Availability of data and materials
The data that support the findings of this study will be available in the repository OPARU at https://oparu.uni-ulm.de/xmlui/ following an embargo until 31 December 2025 to allow for prioritized generation of research findings by members of the UPSIDES consortium (trial registration: ISRCTN, ISRCTN26008944, registered on 30 October 2019).
Acknowledgements
The UPSIDES study is a multicentre collaboration among the Department for Psychiatry and Psychotherapy II at Ulm University, Germany (Bernd Puschner, coordinator); the Institute of Mental Health at University of Nottingham, UK (M.S.); the Department of Psychiatry at University Hospital Hamburg-Eppendorf, Germany (C.M.); Butabika National Referral Hospital, Uganda (J.N.); the Centre for Global Mental Health at London School of Hygiene and Tropical Medicine, UK (G.R.); Ifakara Health Institute, Dar es Salaam, Tanzania (D.S.); the Department of Social Work at Ben Gurion University of the Negev, Be’er Sheva, Israel (G.M.); and the Centre for Mental Health Law and Policy, Pune, India (J.K.).
Financial support
UPSIDES has received funding from the European Union’s Horizon 2020 research and innovation programme under grant agreement no. 779263. This publication reflects only the authors’ view.

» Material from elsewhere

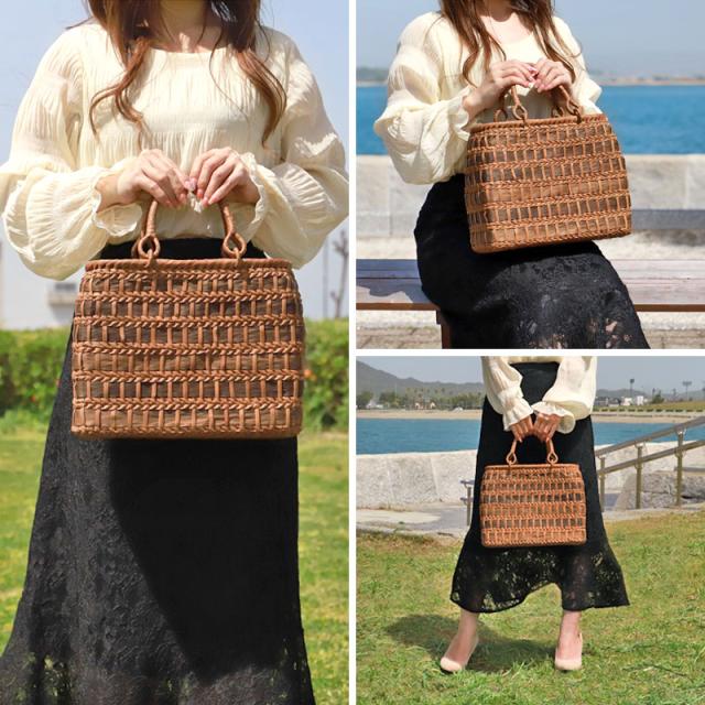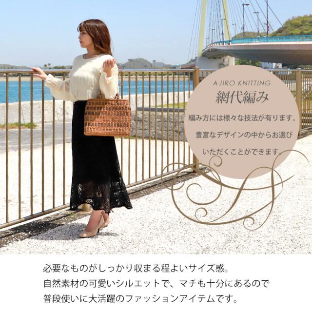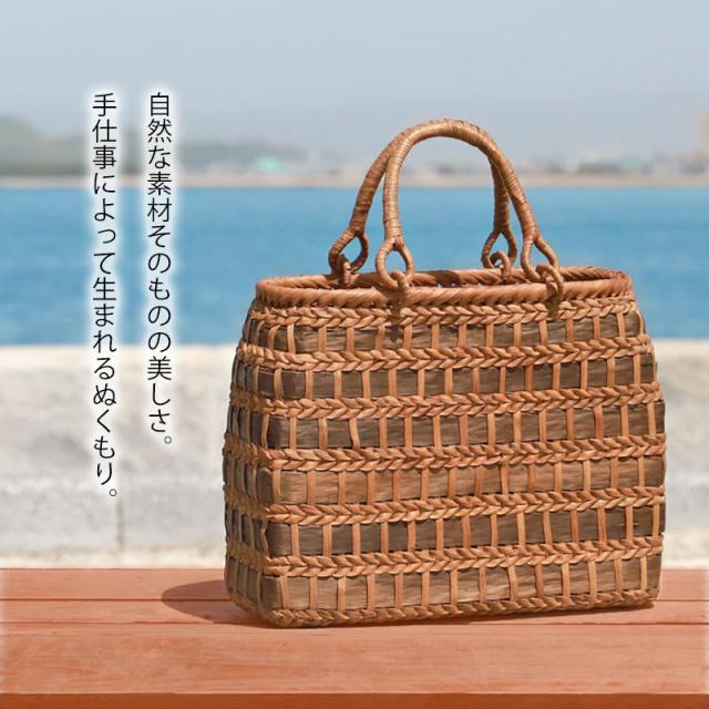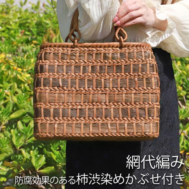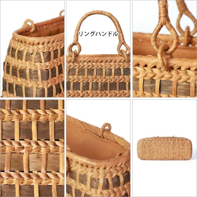 | 仕様 | 網代編み リングハンドル 柿渋染め内布(かぶせ付 内ポケット付き) 取り扱い説明書 保証書付き |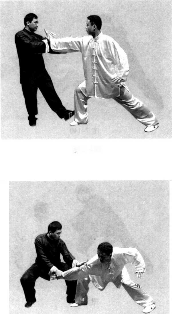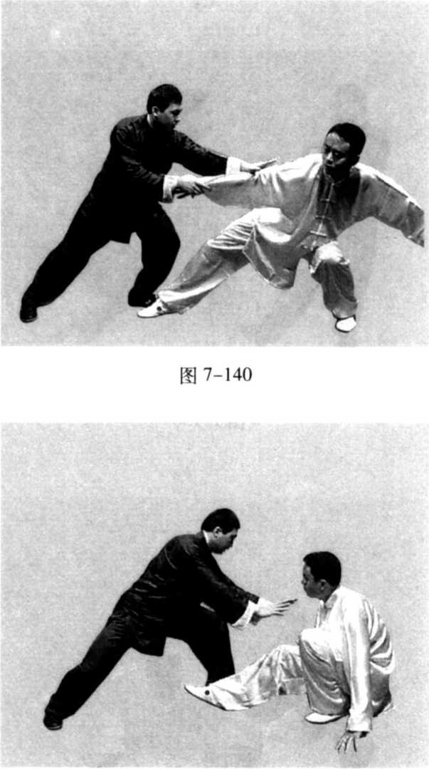 (1) 甲乙相对站立,乙身体左转,提起右脚向前上步,踏 甲中门,抬起右掌猛击甲的胸、面部;甲身体右转,提起左脚 向前上步,踏乙偏门,抬起右手向前棚接乙右腕外侧,并拿握 乙右腕,提起左手向前按在乙右肘外侧;两腿屈膝下蹲,右手 向右下方拿采,左手向右下方捋采;乙见右手落空,又被拿 住,欲想抽手再次进攻;甲见乙劲有变化,迅速随乙劲变化, 接着,两手发力向前下方推按,使乙向后仰跌(图7-138、 139、140、141)。

The Commission is not responsible for any use that may be made of the information it contains.
Competing interests
No authors have any conflicts of interest to declare. The funders had no role in the design and conduct of the study; collection, management, analysis and interpretation of the data; preparation, review or approval of the manuscript; and decision to submit the manuscript for publication.
Ethical standards
The authors assert that all procedures contributing to this work comply with the ethical standards of the relevant national and institutional committees on human experimentation and with the Helsinki Declaration of 1975, as revised in 2013.